New Technology at Long Beach Memorial Helps Diagnosis Coronary Artery Disease Sooner
Coronary arteries are the blood vessels that supply blood, oxygen and nutrients to your heart muscle. The build-up of plague, cholesterol-containing deposits in your arteries, eventually leads to coronary artery disease (CAD). Plaque build-up may narrow and restrict your coronary arteries thus causing your heart muscle to receive less blood. This can be especially noticeable during physical activity, when your heart is beating more rapidly. At first, the restricted blood flow may not cause any symptoms. However, over time, as the plaque continues to accumulate and your arteries narrow, you may develop signs of coronary artery disease.
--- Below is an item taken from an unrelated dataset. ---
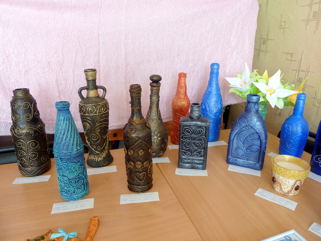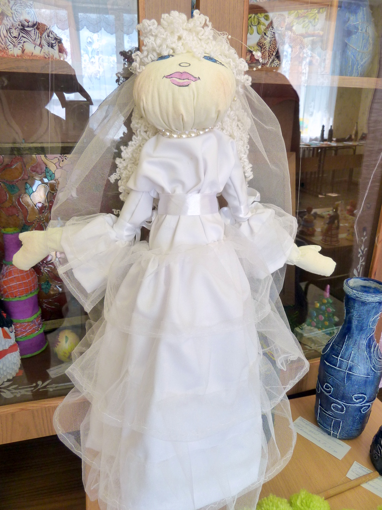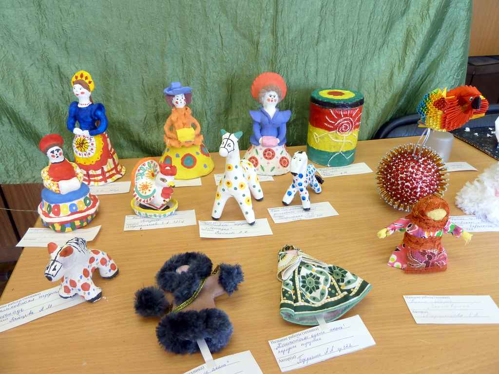 На выставке представлены более ста экспонатов: объемные картины из бумаги, декоративные панно, бутылки и шкатулки, национальные куклы, обереги, куклы-марионетки, мягкие игрушки, дымковские и абашевские глиняные игрушки, куклы для пальчикового театра и др.

Leading Symptoms of Coronary Artery Disease:
- Chest pain (angina). You may feel pressure or tightness in your chest, as if someone were standing on your chest. The pain, referred to as angina, is usually triggered by physical or emotional stress. It typically goes away within minutes after stopping the stressful activity. In some people, especially women, this pain may be fleeting or sharp and noticed in the abdomen, back or arm.
- Shortness of breath. If your heart can't pump enough blood to meet your body's needs, you may develop shortness of breath or extreme fatigue with exertion.
- Heart attack. If a coronary artery becomes completely blocked, you may have a heart attack. The classic signs and symptoms of a heart attack include crushing pressure in your chest and pain in your shoulder or arm, sometimes with shortness of breath and sweating. Women are somewhat more likely than men are to experience less typical signs and symptoms of a heart attack, including nausea and back or jaw pain. Sometimes a heart attack occurs without any apparent signs or symptoms.
Because coronary artery disease often develops over decades, it can go virtually unnoticed until a complete blockage of the artery produces a heart attack. There's plenty you can do to prevent and treat coronary artery disease. Start by committing to a healthy lifestyle.
If you have risk factors for coronary artery disease — high blood pressure, high cholesterol, diabetes or obesity — talk to your doctor. You may need to be tested to determine if you have coronary artery disease, especially if you have experienced signs or symptoms of narrowed arteries. Even if there isn't a preliminary diagnosis, it is always best to reduce these risk factors to prevent coronary artery disease in the future. Early diagnosis and treatment may stop progression of coronary artery disease and help prevent a future heart attack.